Connect Pathway on top of your MongoDB/Debezium database using pw.io.debezium.read and pw.io.mongodb.write.

This tutorial will guide you through setting up an architecture using Pathway with MongoDB and Debezium to process real-time changes in your MongoDB database. If you're looking to set up CDC (Change Data Capture) with a PostgreSQL database instead, you can check out our PostgreSQL tutorial. Both tutorials follow a similar structure but emphasize the unique configuration steps required for each database.

Traditional databases like MongoDB aren't built for streaming scenarios, so you need a change data capture (CDC) mechanism to monitor the database and stream any changes. To create an input stream from MongoDB, this tutorial uses Debezium along with Pathway's connector pw.io.debezium.read. The output stream will then be sent back to the MongoDB database using Pathway's native MongoDB connector pw.io.mongodb.write.

This tutorial is a bit longer than others, as it requires deploying several containers using docker-compose to create a working example. But don't worry if you've never used docker-compose before! No prior experience is needed; the tutorial provides all the necessary settings to make it straightforward and enjoyable 😉. You'll find that docker-compose makes deploying the database surprisingly easy.

If you have your own MongoDB and Debezium instances already deployed, you may skip the architecture part to focus on the input and output connectors.

Short version

Imagine a simple scenario: you have a MongoDB collection called values with documents that contain a field named value. New entries are added over time, and you want to calculate the sum of these values in real-time. The result should be stored in another collection called sum_values. Debezium captures and streams any changes in the values collection to make this real-time processing possible.

You can do it as follows in Pathway:

sum.py
import pathway as pw

# To use advanced features with Pathway Scale, get your free license key from
# https://pathway.com/features and paste it below.
# To use Pathway Community, comment out the line below.
pw.set_license_key("demo-license-key-with-telemetry")

# Kafka settings
input_rdkafka_settings = {
    "bootstrap.servers": "kafka:9092",
    "security.protocol": "plaintext",
    "group.id": "0",
    "session.timeout.ms": "6000",
    "auto.offset.reset": "earliest",
}


class InputSchema(pw.Schema):
    value: int


if __name__ == "__main__":
    # The Kafka connector is used to listen to the "my_mongo_db.test_database.values" topic.
    t = pw.io.debezium.read(
        input_rdkafka_settings,
        topic_name="my_mongo_db.test_database.values",
        schema=InputSchema,
        autocommit_duration_ms=100,
    )

    # The sum is computed (this part is independent of the connectors).
    t = t.reduce(sum=pw.reducers.sum(t.value))

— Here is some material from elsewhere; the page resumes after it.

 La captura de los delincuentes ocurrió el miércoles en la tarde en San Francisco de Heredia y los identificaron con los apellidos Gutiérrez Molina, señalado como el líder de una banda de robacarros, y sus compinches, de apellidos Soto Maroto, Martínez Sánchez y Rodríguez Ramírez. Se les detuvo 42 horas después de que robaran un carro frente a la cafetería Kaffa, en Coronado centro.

    # The MongoDB and regular filesystem connectors are used to send the
    # resulting output stream containing the sum to the database and to
    # the filesystem.
    pw.io.mongodb.write(
        t,
        connection_string="mongodb://mongodb:27017/?replicaSet=rs0",
        database="my_mongo_db",
        collection="sum_values",
    )
    pw.io.csv.write(t, "output_stream.csv")

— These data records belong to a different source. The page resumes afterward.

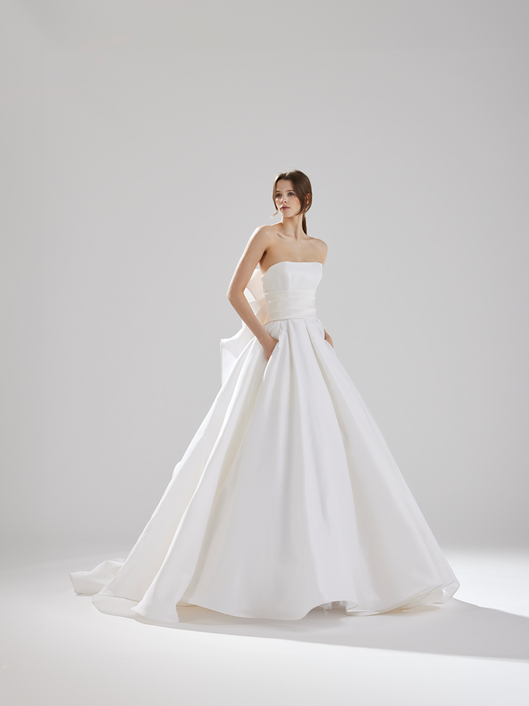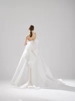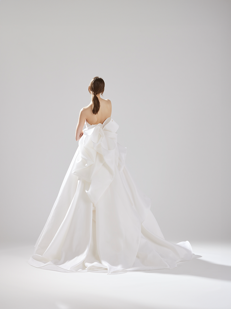 シルクガザ―ルという独特のハリ感ある生地がふっくらとしたスカートのシルエットを作り上げています。蝶々が羽を広げている様にも見えるバックモチーフが、シンプルなドレスに華やかさを加え、可憐な花嫁像を創り上げます。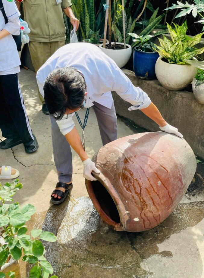 Ông Trần Văn Thọ - Trưởng trạm Y tế phường kiểm tra điểm nguy cơ và hướng dẫn loại bỏ các vật dụng chứa nước phát sinh lăng quăng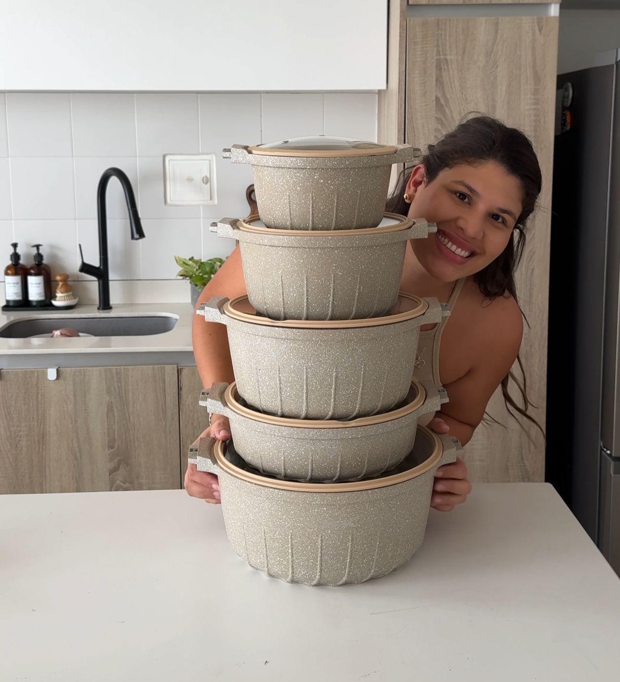 - Capa base de cubierta térmica, inducción, calienta mas rápido y retiene el calor durante mas tiempo.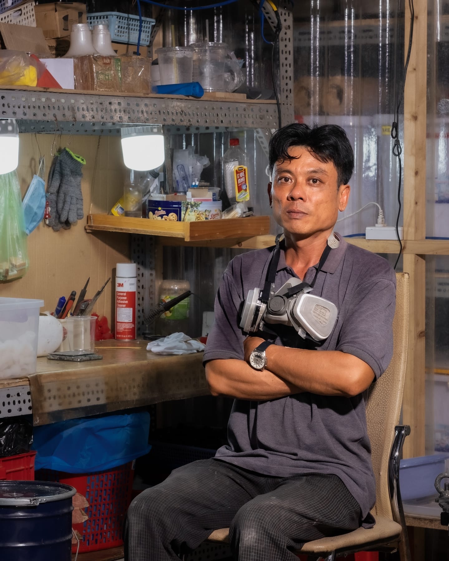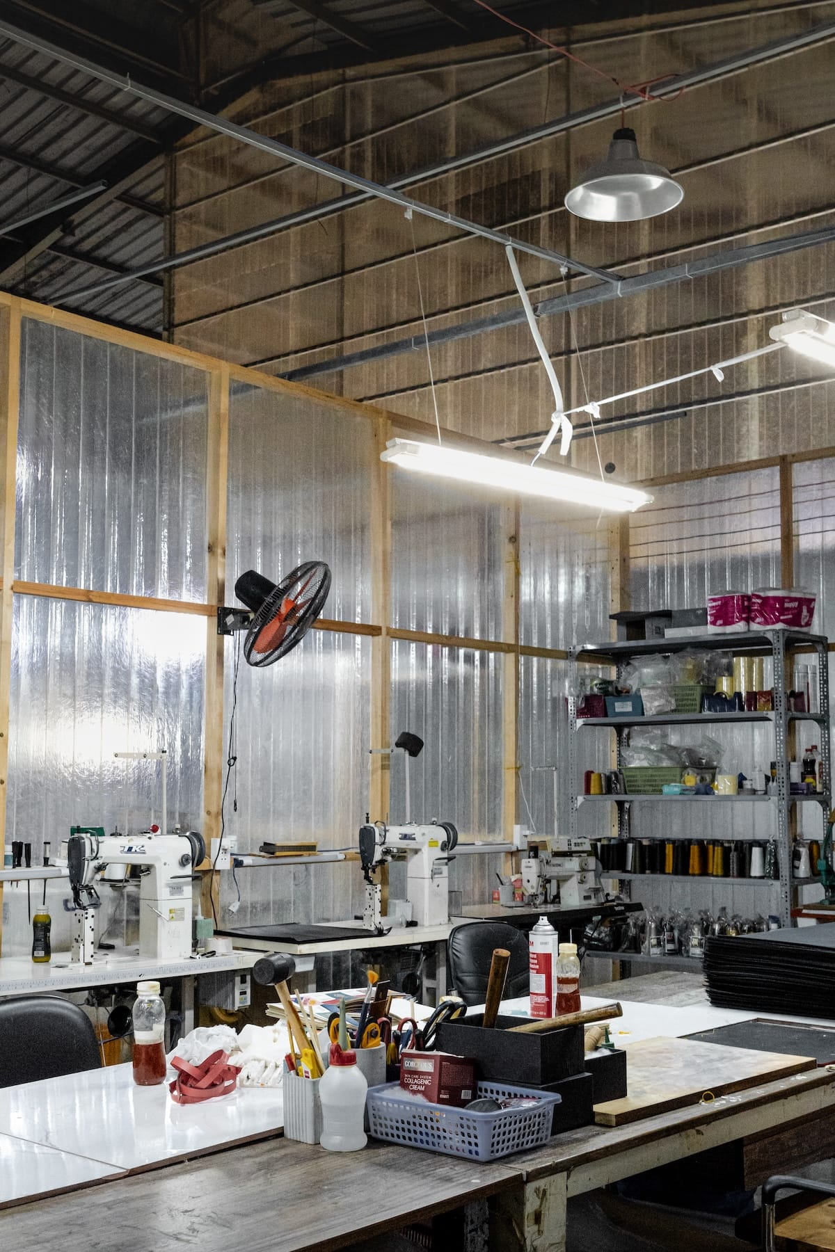 The shoot was set within the brand’s workshop, grounding the visuals in the actual production environment. This introduced new constraints - both spatial and environmental - especially when working with a full collection in a single frame.

    # The computation is launched.
    pw.run()

Architecture

First, let's take a moment to understand the architecture of our project.

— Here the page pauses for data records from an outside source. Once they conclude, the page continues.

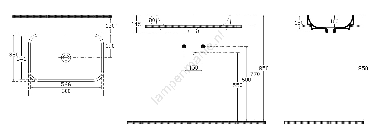 • De wastafel kan aan de wand worden opgehangen, op het werkblad geplaatst of in het blad ingebouwd.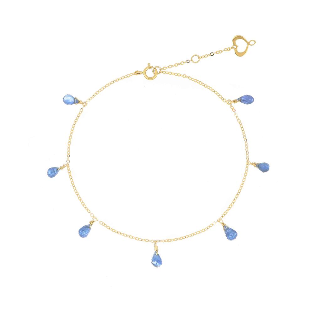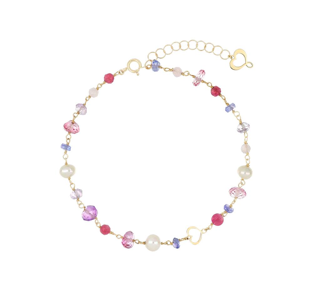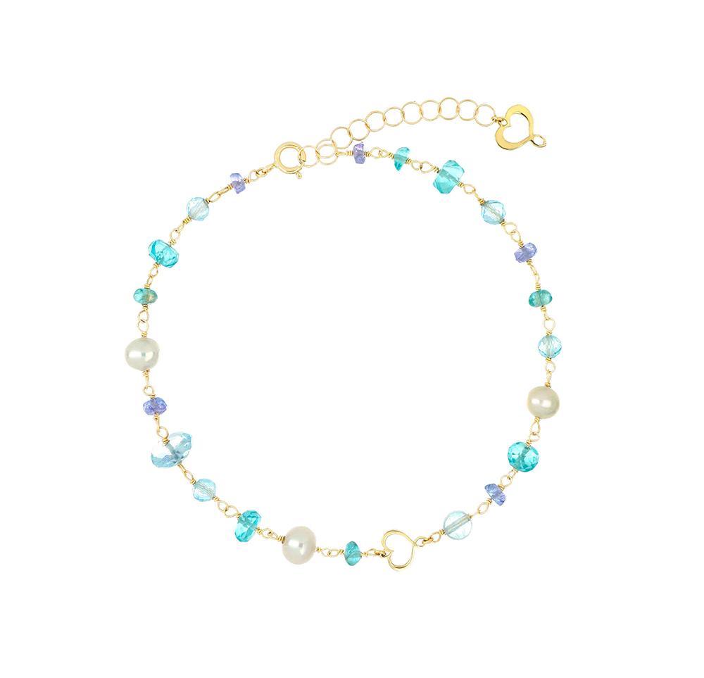 Bracciale 18Kt Nuvole Azzurro Maman et Sophie BRNUVCRAZ. Bracciale in oro giallo 18 carati con pietre di Topazio azzurro, Apatite, Acquamarina, Tanzanite, Perla bianca alternate a catena e cuore maman traforato.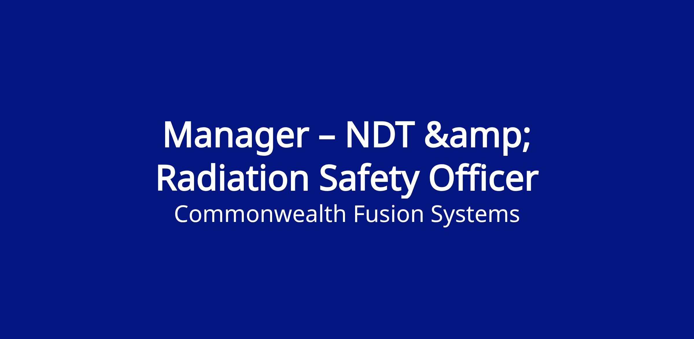The Manager of NDT and Industrial RSO is the technical owner of NDT Operations and industrial radiography radiation safety at CFS. This role is responsible for developing and maintaining the organization's NDT capabilities to ensure successful delivery of SPARC and to prepare for the future scaling for ARC power plants.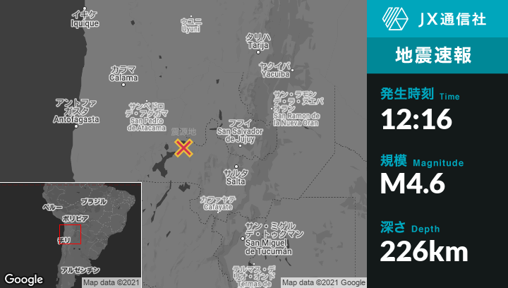 6月25日 12:16頃、アルゼンチンのSan Antonio de los Cobresから西74kmの地点でM4.6の地震がありました。
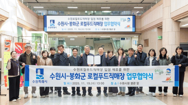 [NWS¹æ¼Û=Çѽ¸ñ ±âÀÚ]¼ö¿øÆ¯·Ê½Ã¿Í ºÀÈ­±º³ó¾î¾÷ȸÀǼҴ 19ÀÏ ¼ö¿ø½Ãû¿¡¼­ ·ÎÄÃǪµå ÀÔÁ¡ Çù¾àÀ» ü°áÇß´Ù. Çù¾à½ÄÀº À̳¯ ½Ãû º°°ü ¾Õ¿¡¼­ ¿­¸° ¡®ºÀÈ­ ¼ö¿ø Ä·ÇÎÀå °³Àå ±â³ä ³ó»ê¹° Á÷°Å·¡ÀåÅÍ¡¯¿¡¼­ ÁøÇàµÆ´Ù. ¼ö¿ø½Ã´Â Àα¸¼Ò¡¦

You'll need a MongoDB database with two collections:

  • values: where regular updates will create an input data stream.
  • sum_values: where Pathway will store and periodically update the running sum. There's no need to manually create this output collection, as the output connector will create it automatically if it doesn't exist.

Next, you'll set up change data capture (CDC) to track changes in the MongoDB database and generate a data stream. This is handled by a Debezium instance.

Debezium sends the updates to Kafka, which coordinates with ZooKeeper and propagates the data to Pathway.

Finally, Pathway receives these updates from Kafka, processes the data, and sends the sum back to MongoDB.

Docker containers

To summarize, our puzzle has five pieces:

  • MongoDB
  • Debezium
  • Kafka
  • ZooKeeper
  • Pathway

No need to say that configuring those from scratch can be a hurdle...

Luckily, you can simplify the deployment of the project by using Docker containers and Docker Compose. In brief, a container is a lightweight virtual environment for running standalone applications. For instance, the MongoDB container you'll use in this project includes just enough to run a MongoDB database: it's lightweight, with MongoDB pre-installed, though it's not suited for other tasks. The main benefits of using Docker containers here are ease of installation and straightforward setup. If you're interested in learning more about Docker containers or adapting this example to your own project, check out the Docker documentation.

You will use a docker-compose.yml in the root of this project to set it up. Such a file is organized as follows:

version: "3.7"
services:
  mongodb:
    build:
    environment:
    volumes:
  kafka:
    build:
    ...

Each application, called a service here, is defined there with all its relevant parameters, for example parameters in build define how to build the container (which image and so on). Note that mongodb here is the name given to the service, whether a MongoDB image is used is determined by the build parameter.

MongoDB

You first need to configure our database:

  mongodb:
    container_name: mongodb
    image: mongo
    command: ["--replSet", "rs0", "--port", "27017"]
    healthcheck:
      test: echo "try { rs.status() } catch (err) { rs.initiate({_id:'rs0',members:[{_id:0,host:'mongodb:27017'}]}) }" | mongosh --port 27017 --quiet
      interval: 5s
      timeout: 120s

The configuration may seem complex at first, so let's go through it step-by-step.

  • The container_name field defines the name of the container - it's straightforward.
  • The image field points to the official MongoDB Docker image, available on Docker Hub.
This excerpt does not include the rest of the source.